Tutorial_kraken2 - UPHL-BioNGS/Cecret GitHub Wiki

Tutorial : Using a Kraken2 Database with SARS-CoV-2

The original use-case for running Cecret was for SARS-CoV-2 consensus creation and lineage determination, and this remains the default purpose for this workflow.

A fun fact was that when SARS-CoV-2 became prominent in the early 2020s, there was not yet a SARS-CoV-2 reference in one of the standard kraken2 databases. This is why kraken2 analysis will always be optional is included only as a QC metric.

Steps in this tutorial:

Step 1. Downloading some sample fastq files

This step is going to create a directory called reads, enter that directory, and then download 6 test files for 3 test samples.

mkdir reads
cd reads
wget -q https://github.com/erinyoung/cecret_test_data/raw/refs/heads/main/data/sarscov2/test1_1.fastq.gz
wget -q https://github.com/erinyoung/cecret_test_data/raw/refs/heads/main/data/sarscov2/test1_2.fastq.gz
wget -q https://github.com/erinyoung/cecret_test_data/raw/refs/heads/main/data/sarscov2/test2_1.fastq.gz
wget -q https://github.com/erinyoung/cecret_test_data/raw/refs/heads/main/data/sarscov2/test2_2.fastq.gz
wget -q https://github.com/erinyoung/cecret_test_data/raw/refs/heads/main/data/sarscov2/test3_1.fastq.gz
wget -q https://github.com/erinyoung/cecret_test_data/raw/refs/heads/main/data/sarscov2/test3_2.fastq.gz
cd ../

These reads or files are paired-end, meaning there are two files for every one sample.
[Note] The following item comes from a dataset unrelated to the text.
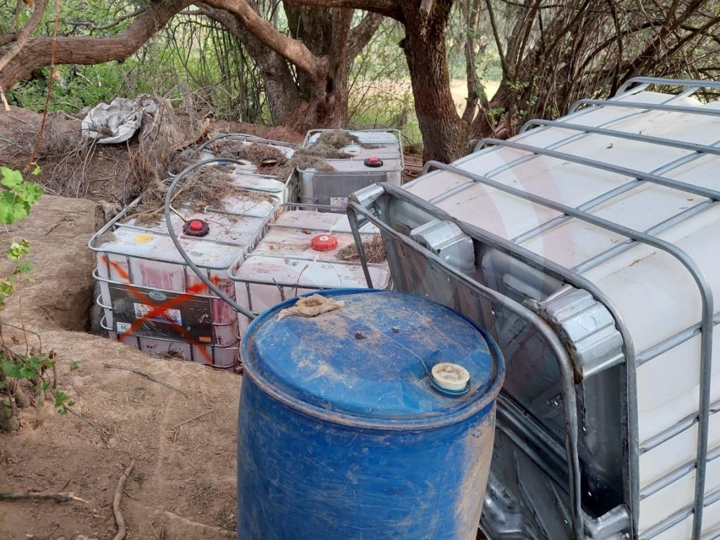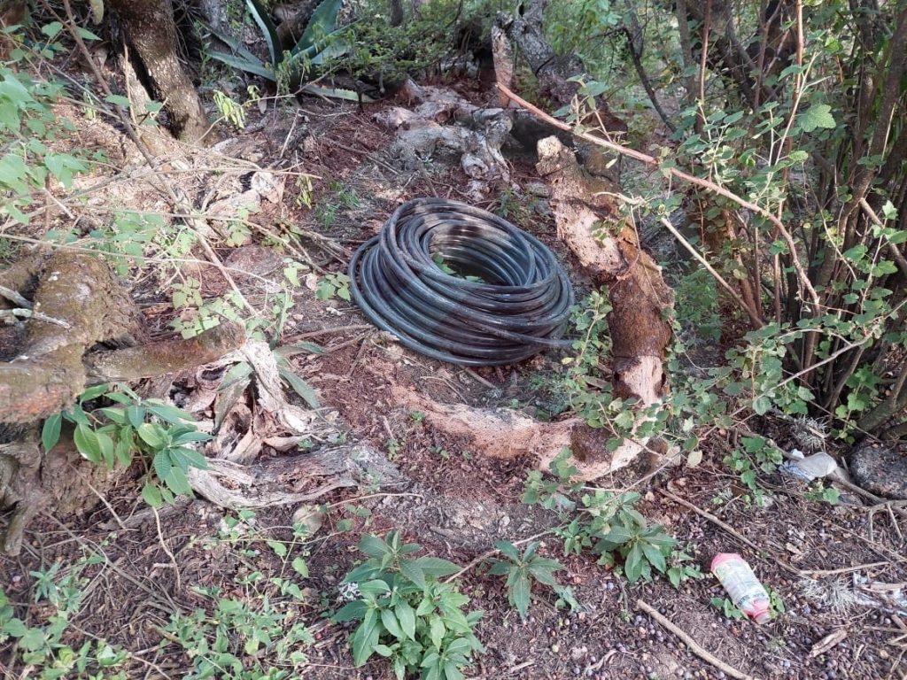 Por su parte, en el municipio de Singuilucan, en terrenos de la localidad de Tecoaco, en un espacio habilitado como ‘nido’ o depósito de combustible, se realizaron los aseguramientos de 5 contenedores para mil litros (uno con hidrocarburo), un tambo para 200 litros abastecido y 150 metros de manguera.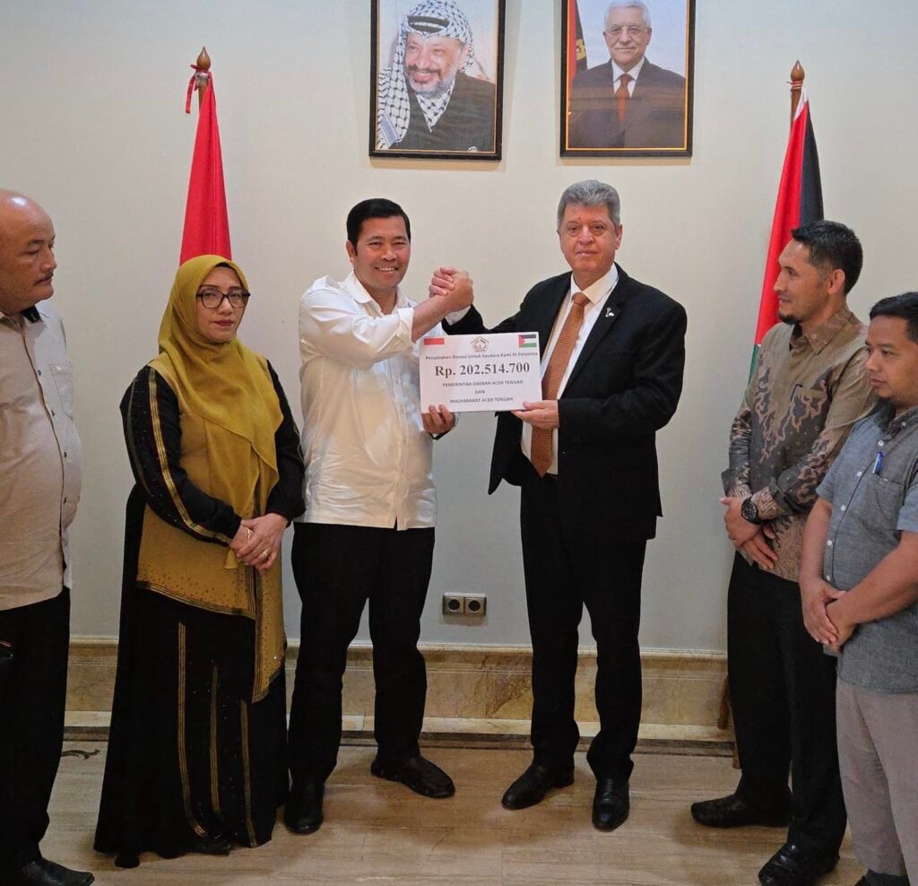 Penyerahan donasi tersebut diterima langsung oleh Duta Besar Palestina untuk Indonesia, Zuhair Al-Shun. Dalam sambutannya, Dubes Zuhair menyampaikan apresiasi tinggi atas kepedulian masyarakat Aceh Tengah dan rakyat Indonesia pada umumnya.

This is the typical case for most sequencing projects.

These reads were subsampled from samples SRR32571082, SRR32571051, and SRR32571045, which were created using Illumina COVIDSeq Artic v5.3.2 primers.

Step 2. Downloading the kraken2 database

There are a lot of kraken2 databases out there, and they get continually updated. The most recent kraken2 databases can be found at https://benlangmead.github.io/aws-indexes/k2.
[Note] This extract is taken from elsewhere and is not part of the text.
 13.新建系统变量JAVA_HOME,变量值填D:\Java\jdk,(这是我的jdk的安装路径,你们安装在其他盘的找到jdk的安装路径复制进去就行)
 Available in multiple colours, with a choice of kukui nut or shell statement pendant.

Since we're using some SARS-CoV-2 test files, the standard viral database should be sufficient.

This step is going to create a directory called kraken2_db, enter it, download a standard kraken2 database, decompress it, and then exit the directory.

mkdir kraken2_db
cd kraken2_db
wget https://genome-idx.s3.amazonaws.com/kraken/k2_viral_20241228.tar.gz
tar -zxvf k2_viral_20241228.tar.gz
cd ../

Step 3. Start the workflow

Now the workflow can be run using the following command

nextflow run UPHL-BioNGS/Cecret -profile docker --reads reads --kraken2_db kraken2_db

Step 4. Look through the results

The summary file

A summary file can be found at cecret/cecret_results.csv.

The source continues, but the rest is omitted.